Libertarians like myself [ed. — no longer accurate] like to defend contracts and other exchanges because they’re voluntary. When two capable adults reach an agreement to exchange their legally owned objects, labor or money, then presumably they both believe they’ll be better off once the exchange has been made. The problem with this argument, as a friend of mine recently pointed out, is that it could be extended to virtually every human action, even ones we have no interest in defending. For example, if I were held at gunpoint I would think myself better off giving up my wallet, and my assailant would think himself better off with the wallet and no blood on his hands. Both of us are taking the actions we deliberately and rationally believe will advance our interests, but there’s something clearly wrong going on.
Now, this case is extreme and we can intuitively see that there are differences between it and an ideal voluntary situation. But what are the distinctions? The first one is that I’m being threatened with violence. Let’s set that aside for now. The other distinction is more interesting. Mike Munger, an economist at Duke, tries to define the perfect voluntary exchange in order to distinguish it from other scenarios which are problematically voluntary. The main difference he finds is in scenarios where, while both parties consider themselves advantaged by the deal, the difference in alternatives in huge. So in my previous example, my alternative to giving up my wallet was death, while my assailant’s alternative was to go without $100.

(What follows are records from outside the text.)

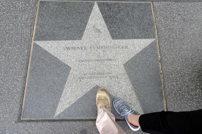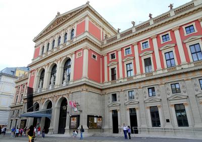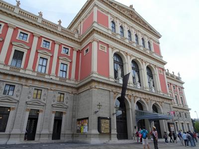 ウィーンで宿泊したホテル,アム・コンツェルトハウスから目と鼻の先。ウィーン交響楽団の本拠地で,1913年に完成した白亜の殿堂。中央の正面玄関の左右壁面に,「Ehrt eure deutschen meister」と「Dann bannt ihr gute geister」の文字が掲げられています。調べてみると,それは,ワーグナーのオペラ「ニュルンベルクのマイスタージンガー」の第4幕最後の場面の一節で,「ドイツの名匠たちを讃えるのです。そうすれば善なる精神を心にとどめられるのですから」という意味でした。最後に「神聖ローマ帝国が滅びても,ドイツの芸術は決して滅びません。聖なるドイツの芸術は」で結ばれる部分です。また,正面玄関の足元には,1913年10月19日のオープニングコンサートの記念の星型のプレートがありました。リヒャルト・シュトラウスが自身作曲の「祝典前奏曲」を初演して,こけら落としを行ったようです。
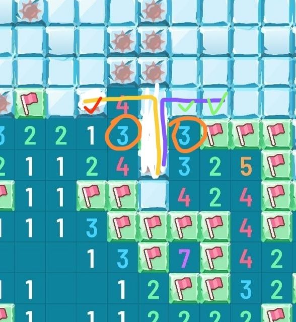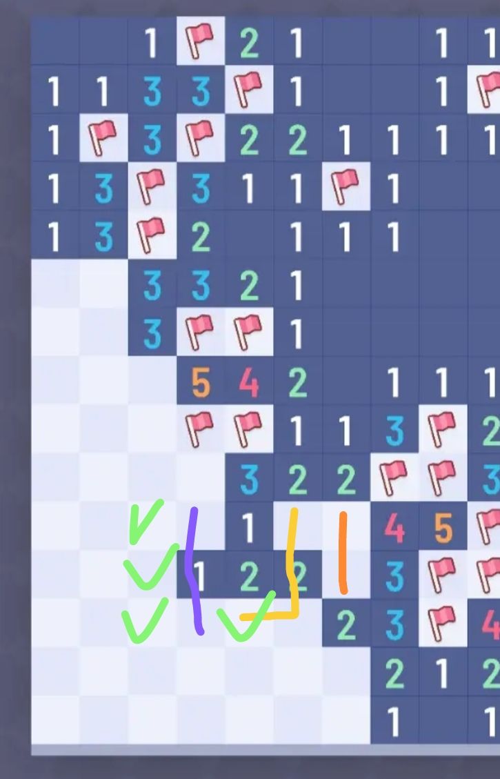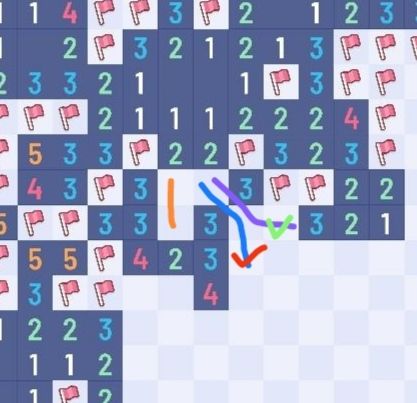 减法可以隔行,当然也可以扭曲起来,比如此图,用于判雷的是两个“4”,橙线1雷与紫线3雷做31减法,得到红绿的结论。
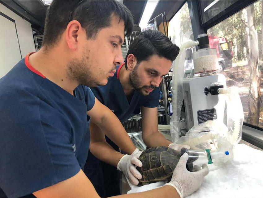 Balıkesir Büyükşehir Belediyesi VETBÜS ve VETBULANS’ı veterinerleri Marmaris’teki orman yangının olduğu bölgeye gider gitmez, karbonmonoksit zehirlenmesi yaşadığı tespit edilen kaplumbağayı oksijen tedavisi ile yeniden hayata döndürdü.
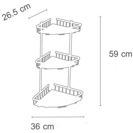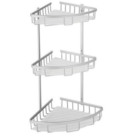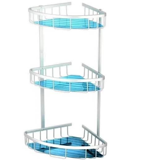 Εταζέρα γωνία 3 θέσεων αλουμίνιου δεν σκουριάζει εξαιρετικής αισθητικής με βίδες στήριξης ανοξείδωτες με διάσταση κάτω ραφιού 26 χ 26 cm πάνω ραφιών 23 χ 23 cm και με ύψος 60 cm,διαθέτη γαλάζιο διάφανο ταπέτο από πλαστικό για το κάθε ράφι
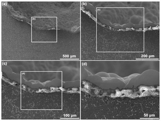 Figure 4 shows the microstructure of the cross-section for the AZ91D hybrid foams. The composite coatings on the cross-section display a double-layer structure, which includes an intermediate layer and a top layer from the substrate to the surface. The intermediate MAO layer is generated from the AZ91D substrate, while the top Ni-P layer grows from the MAO layer. The average thickness of the MAO layer and Ni–P layer is around 25 and 32 μm, respectively. Some micro-pores are also observed in the MAO layer. These micro-pores are mainly ascribed to the micro-arc discharges. During the MAO process, the micro-arc discharges can produce an instantaneous high temperature and then melt the substrate, resulting in the generation of the molten oxide ceramics [23]. Consequently, the MAO layer shows good adhesion with the substrate because it is metallurgically deposited on the metal substrate [24]. It is noted that parts of the Ni–P layer are embedded in the micro-pores of the MAO layer, as displayed in Figure 4d, indicating that the Ni–P layer and MAO layer bond together by mechanical interlocking.

Munger argues that this intuition, that a major difference in alternatives is unfair, undergirds much of our support for economic regulation. We oppose selling ice at super high prices to people in disaster zones because the higher prices hardly compare to the need for ice; we are shocked at the sale of kidneys because kidney failure is so dramatically worse than not receiving a couple thousand dollars in compensation. This intuition is behind what we call exploitation: sweatshops appear to take advantage of people because workers in third world countries have so few alternatives, while corporations could always pay more for workers at home.
But when we blame the exchanges taking place — the selling of a kidney, the setting up of a sweatshop — aren’t we, as Munger argues, reversing causality? The problem isn’t the exchange, which if anything helps improve the situation, but rather the underlying causes which lead to a disparity in alternatives. It’s not the kidney seller who made your kidney fail, nor the sweatshop owner which left your country in crushing poverty. Outlawing these exchanges would be like prohibiting me from handing over my wallet, while leaving criminals free to stick me up. We should be combatting the source of differences in alternatives, not the exchanges which can alleviate them.